AIM OF THE TASK
Leave out every picture and set down, exactly, the lines below from the one holding "Сообщалось о последствиях" up to and including the one holding "RTX 2080 и, в".

ENTRIES SHOWN
______

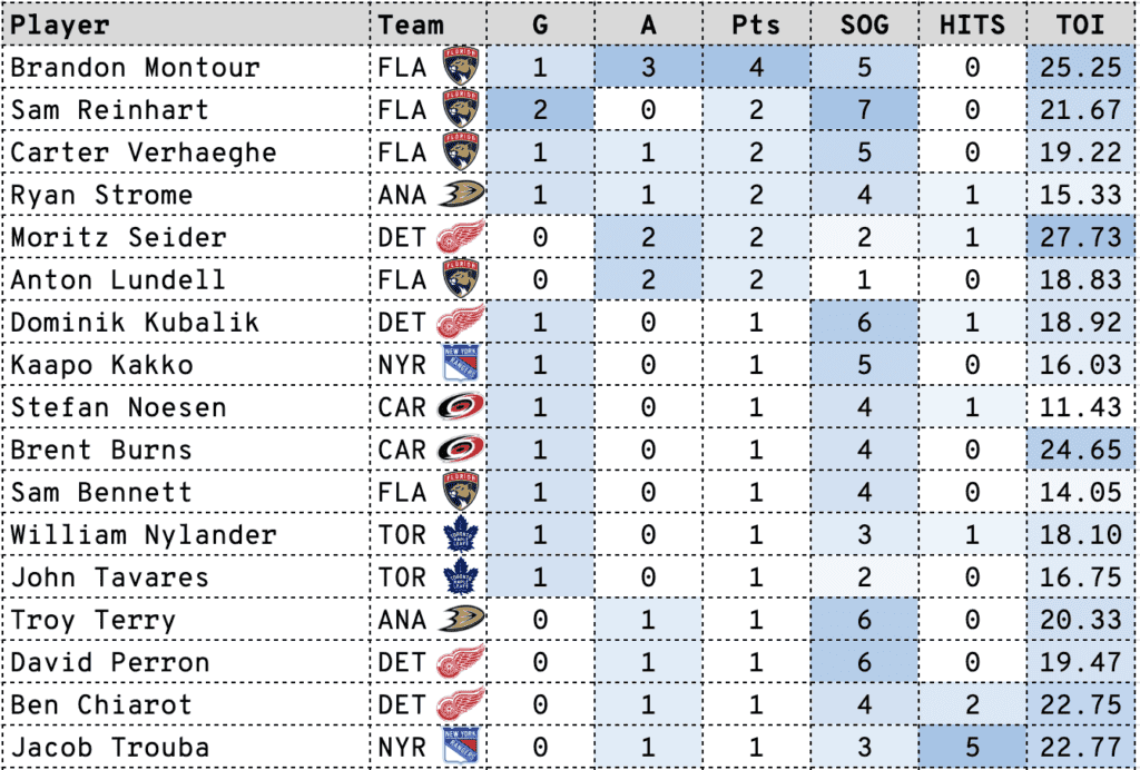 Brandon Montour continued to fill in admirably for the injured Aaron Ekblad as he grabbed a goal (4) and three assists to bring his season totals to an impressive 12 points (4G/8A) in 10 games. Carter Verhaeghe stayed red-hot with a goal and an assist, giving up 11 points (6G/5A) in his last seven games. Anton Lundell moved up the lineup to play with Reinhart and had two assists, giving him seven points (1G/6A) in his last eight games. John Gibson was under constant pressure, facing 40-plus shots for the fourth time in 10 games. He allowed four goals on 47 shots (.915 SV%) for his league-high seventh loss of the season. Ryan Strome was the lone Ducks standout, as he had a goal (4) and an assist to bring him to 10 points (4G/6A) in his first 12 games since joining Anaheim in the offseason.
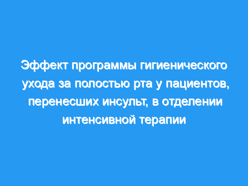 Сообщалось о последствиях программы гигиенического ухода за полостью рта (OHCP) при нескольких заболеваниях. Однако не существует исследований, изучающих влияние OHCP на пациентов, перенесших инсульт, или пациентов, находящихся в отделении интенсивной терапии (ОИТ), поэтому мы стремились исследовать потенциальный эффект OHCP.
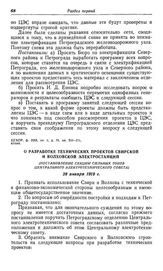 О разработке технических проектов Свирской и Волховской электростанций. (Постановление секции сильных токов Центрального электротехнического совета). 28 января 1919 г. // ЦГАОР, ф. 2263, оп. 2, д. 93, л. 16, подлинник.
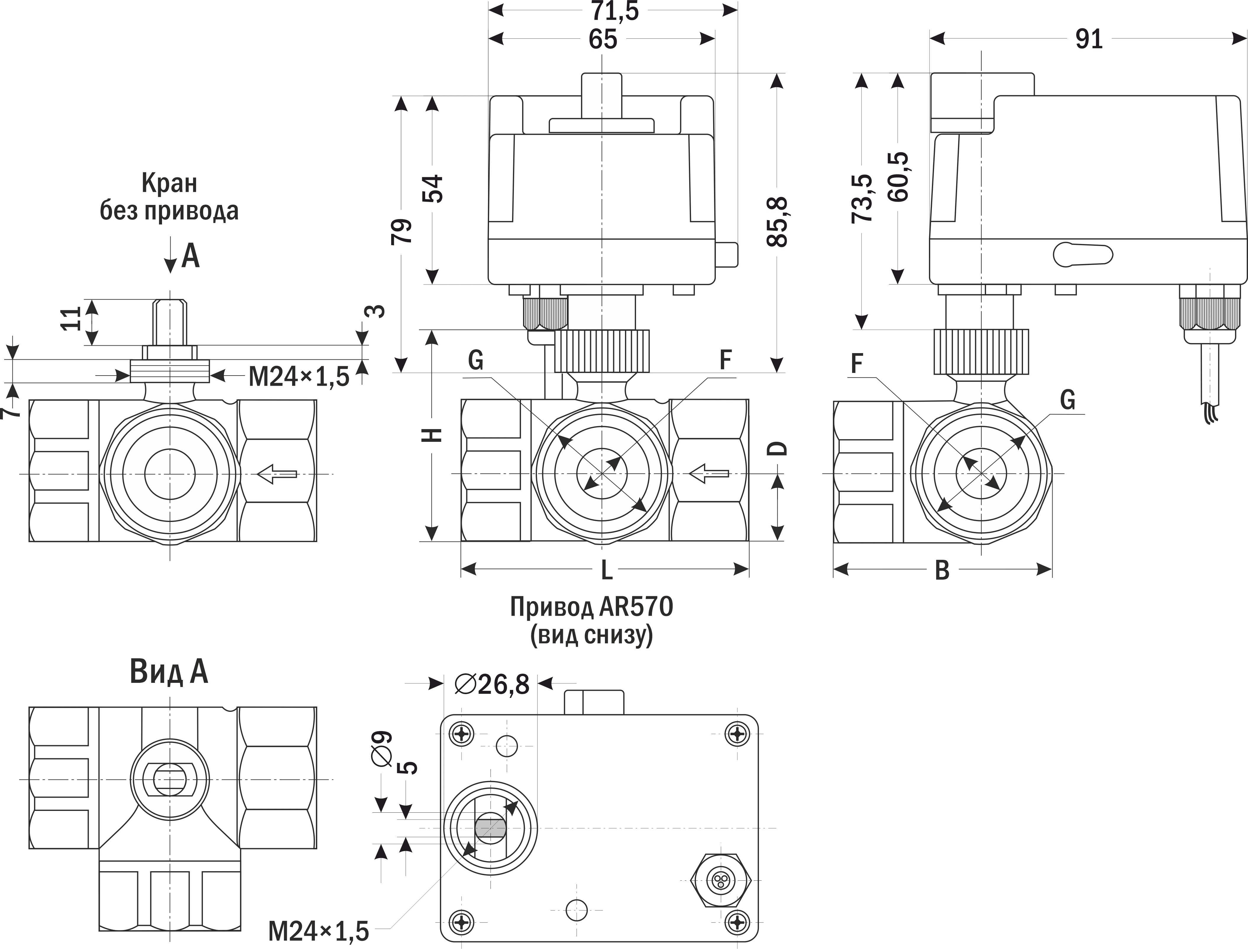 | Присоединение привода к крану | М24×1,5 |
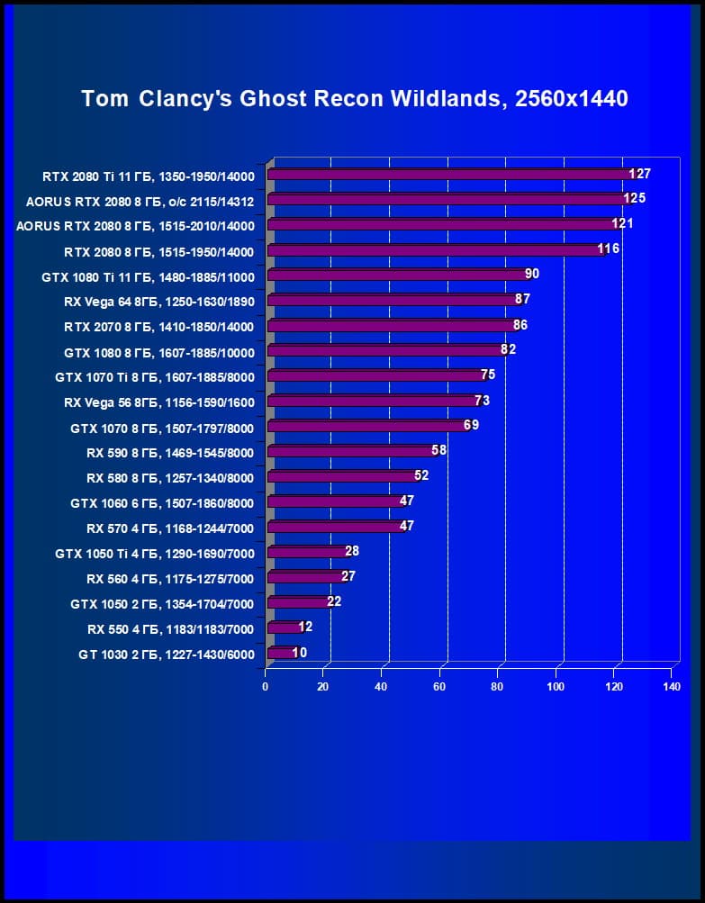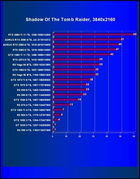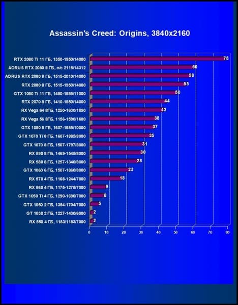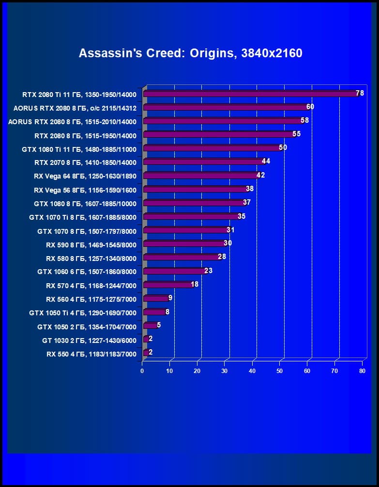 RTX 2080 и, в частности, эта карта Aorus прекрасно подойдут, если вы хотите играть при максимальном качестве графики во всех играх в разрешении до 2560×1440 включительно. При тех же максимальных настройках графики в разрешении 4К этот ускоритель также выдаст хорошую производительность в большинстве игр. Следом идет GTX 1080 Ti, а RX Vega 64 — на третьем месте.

______

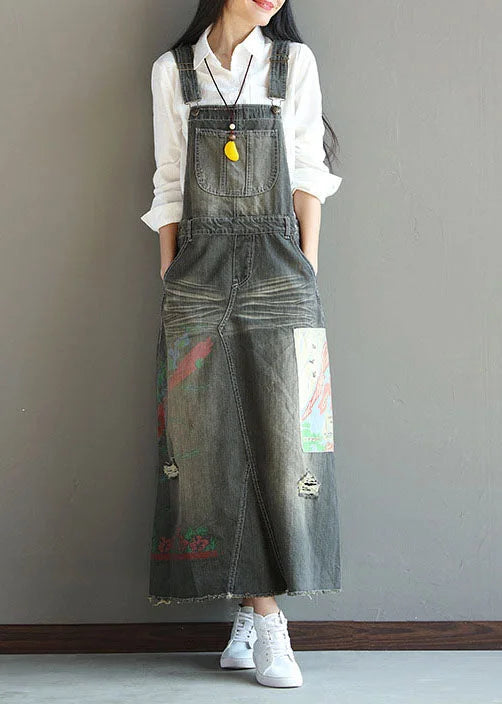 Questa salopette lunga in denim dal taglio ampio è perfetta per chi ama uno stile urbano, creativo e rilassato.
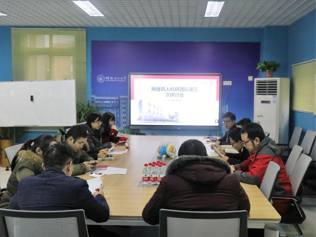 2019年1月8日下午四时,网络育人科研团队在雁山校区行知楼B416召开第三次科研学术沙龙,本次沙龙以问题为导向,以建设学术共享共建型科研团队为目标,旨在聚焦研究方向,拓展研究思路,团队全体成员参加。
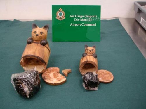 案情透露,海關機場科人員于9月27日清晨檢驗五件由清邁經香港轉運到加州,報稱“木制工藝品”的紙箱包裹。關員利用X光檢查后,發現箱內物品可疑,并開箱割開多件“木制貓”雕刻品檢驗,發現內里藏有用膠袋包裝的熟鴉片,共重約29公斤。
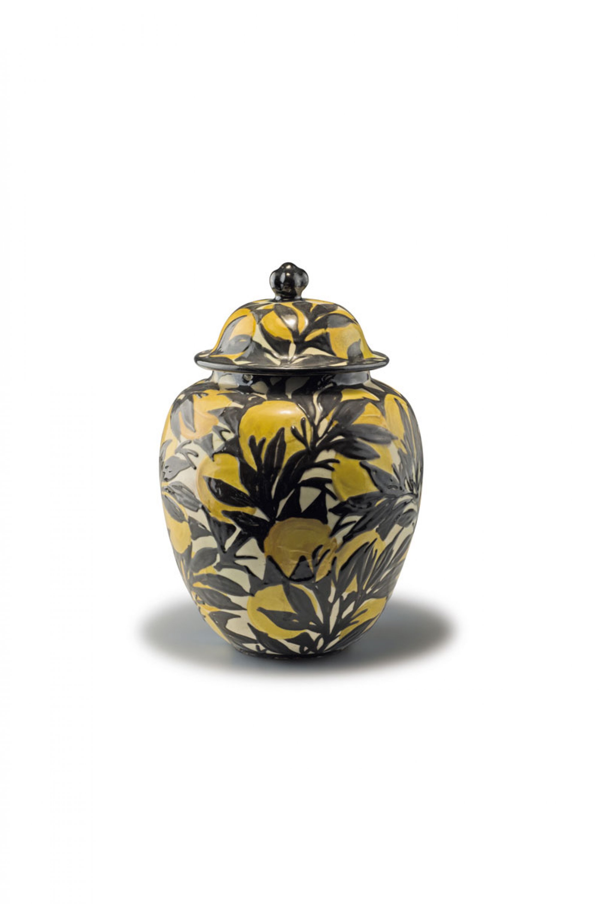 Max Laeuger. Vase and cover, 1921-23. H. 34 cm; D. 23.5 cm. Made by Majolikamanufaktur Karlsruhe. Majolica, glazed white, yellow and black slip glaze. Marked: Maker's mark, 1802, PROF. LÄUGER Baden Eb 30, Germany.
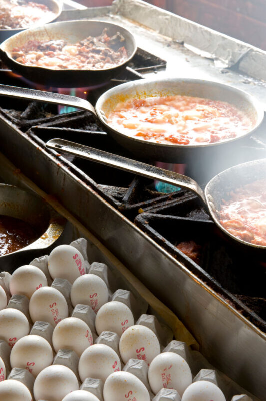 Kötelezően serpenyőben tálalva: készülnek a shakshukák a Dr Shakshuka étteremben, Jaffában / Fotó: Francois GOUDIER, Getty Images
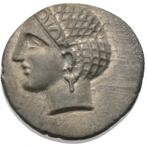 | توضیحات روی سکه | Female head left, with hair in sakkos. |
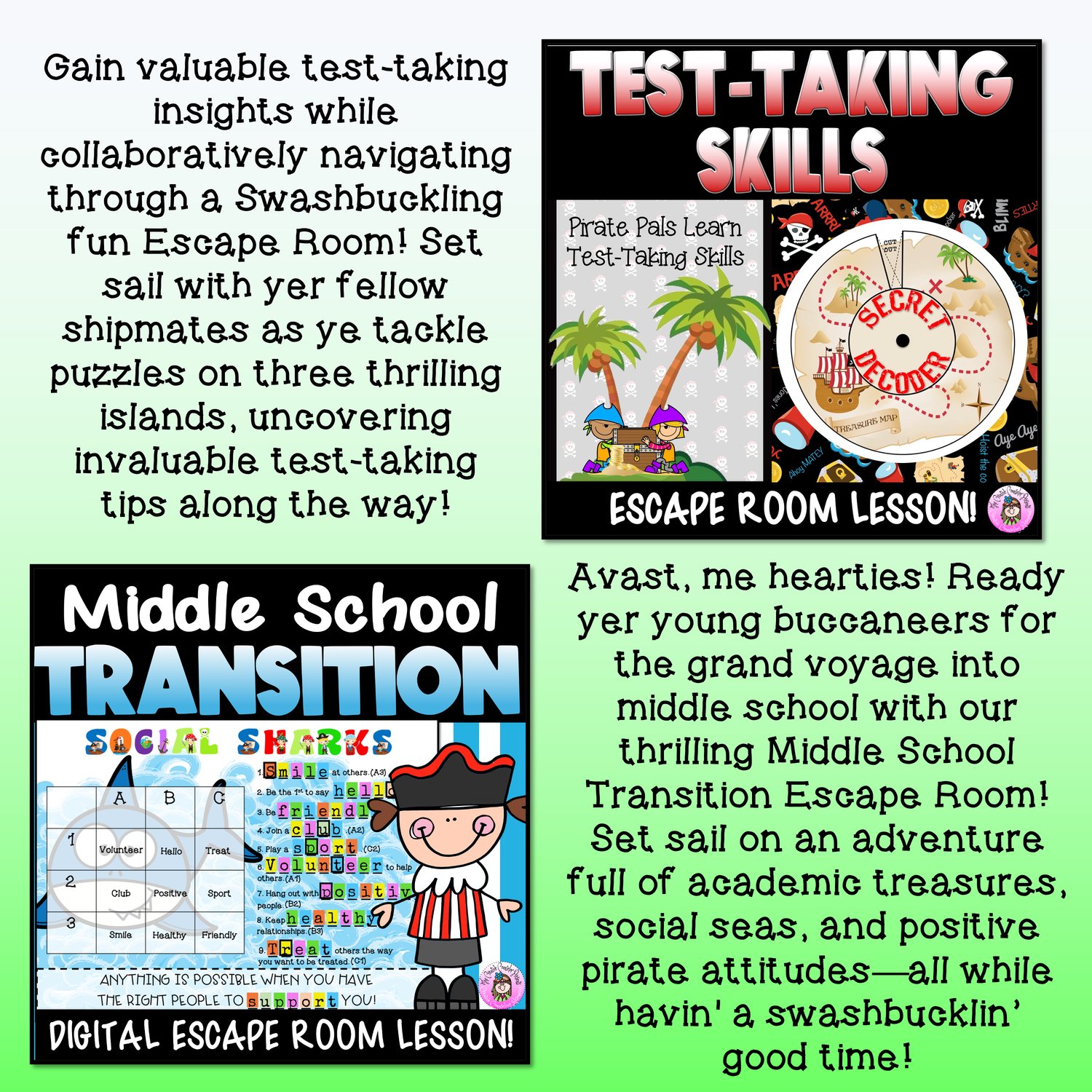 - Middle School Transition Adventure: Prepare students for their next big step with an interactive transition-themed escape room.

______

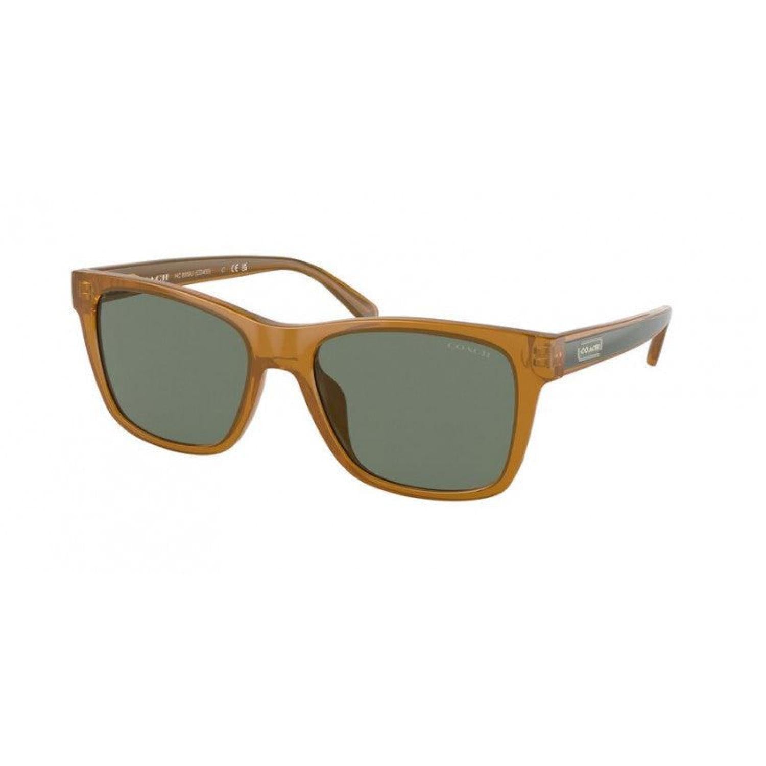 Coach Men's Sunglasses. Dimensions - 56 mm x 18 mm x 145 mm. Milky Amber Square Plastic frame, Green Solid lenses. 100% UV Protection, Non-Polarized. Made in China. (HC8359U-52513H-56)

______

TASK RESULT
 Сообщалось о последствиях программы гигиенического ухода за полостью рта (OHCP) при нескольких заболеваниях. Однако не существует исследований, изучающих влияние OHCP на пациентов, перенесших инсульт, или пациентов, находящихся в отделении интенсивной терапии (ОИТ), поэтому мы стремились исследовать потенциальный эффект OHCP.
 О разработке технических проектов Свирской и Волховской электростанций. (Постановление секции сильных токов Центрального электротехнического совета). 28 января 1919 г. // ЦГАОР, ф. 2263, оп. 2, д. 93, л. 16, подлинник.
 | Присоединение привода к крану | М24×1,5 |
 RTX 2080 и, в частности, эта карта Aorus прекрасно подойдут, если вы хотите играть при максимальном качестве графики во всех играх в разрешении до 2560×1440 включительно. При тех же максимальных настройках графики в разрешении 4К этот ускоритель также выдаст хорошую производительность в большинстве игр. Следом идет GTX 1080 Ti, а RX Vega 64 — на третьем месте.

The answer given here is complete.